А прямо перед глазами – Дейра. Господи, сколько же лет прошло?!.. Лет? Да нет, веков. Сколько они проспали в этой бесконечной веренице жизней, тел, судеб? Как же так? Как он мог не узнать её? Ведь всегда узнавал, всегда находил. А в этот раз не успел.
Об этом способе сообщить, кто они такие, они узнали давно. Но договорились прибегнуть к нему только в крайнем случае. Неужели это был крайний случай?! Как она могла?! Неужели больше ничего не работало?! Он выл, колотил кулаками по асфальту, разбивал их в кровь, но не чувствовал боли. Она же знала, что для него будет мучением – жить дальше, без неё. Прожить век, чтобы в следующем наконец встретиться с ней. И снова не узнать, снова догадываться, гнать от себя мысли, сходить с ума, и, если повезёт, узнать. Всё переиначить. В прошлые разы у него получалось. Иногда поздно по человеческим меркам. Но для них не существовало никаких «поздно».
Грэм нашарил в брюках украденные с барной стойки сигареты, затянулся, закашлялся. Целую жизнь не курил. А ведь так это любит.

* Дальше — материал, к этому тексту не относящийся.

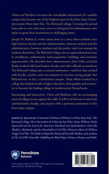 Vision and Resilience recounts the remarkable turnaround of a satellite campus that became one of the brightest spots in the Penn State University system: Penn State Erie, The Behrend College. Covering the period from 1980 to 2010, this story serves as a blueprint for administrators who aspire to grow their institutions in challenging times. Joseph M. Beilein Jr. writes about how, at a time when tensions were high between faculty and the administration, students and the administration, students and the police, and even among the students themselves, The Behrend College saw an unprecedented increase in enrollment, endowments, land acquisition, building, and curricular opportunities. He describes how administrators John Lilley and Jack Burke worked with local leaders, faculty, and other officials to transform The Behrend College into a research institution-and how they worked with faculty, coaches, and even students to convince young people that Behrend was, in fact, a destination campus. All of these efforts resulted in a college that bucked trends in higher education, demography, and economics to become the leading college in northwestern Pennsylvania. Fascinating and instructive, Vision and Resilience tells an encouraging story of college success against the odds. It will be of interest to university administrators, faculty, and anyone with a personal connection to the Penn State campus farthest from University Park.

Дейра. Она всегда была глубже него, обладала отменной интуицией. Она быстро вспоминала свою суть. В одной из их жизней её клеймили как ведьму. Костры святой инквизиции. Он помнил тот день так отчётливо, что чувствовал дым и слышал крики сотни женщин, сгорающих заживо. Дейру сожгли тогда прямо на его глазах. Он стоял в толпе, среди других зевак, и ничего не мог сделать. Это был единственный раз, когда он потерял её раньше положенного срока. Поклялся себе никогда больше этого не допустить. И вот допустил. Сбросилась с крыши. Что за нелепую смерть она выбрала?..
Тогда, после её сожжения, Грэм долго бродил по её следам, пока не был убит на войне. Жил воспоминаниями. Весь ужас «знания» заключался в том, что, вспомнив, кто ты на самом деле, невозможно вернуться к старой жизни. И он не мог.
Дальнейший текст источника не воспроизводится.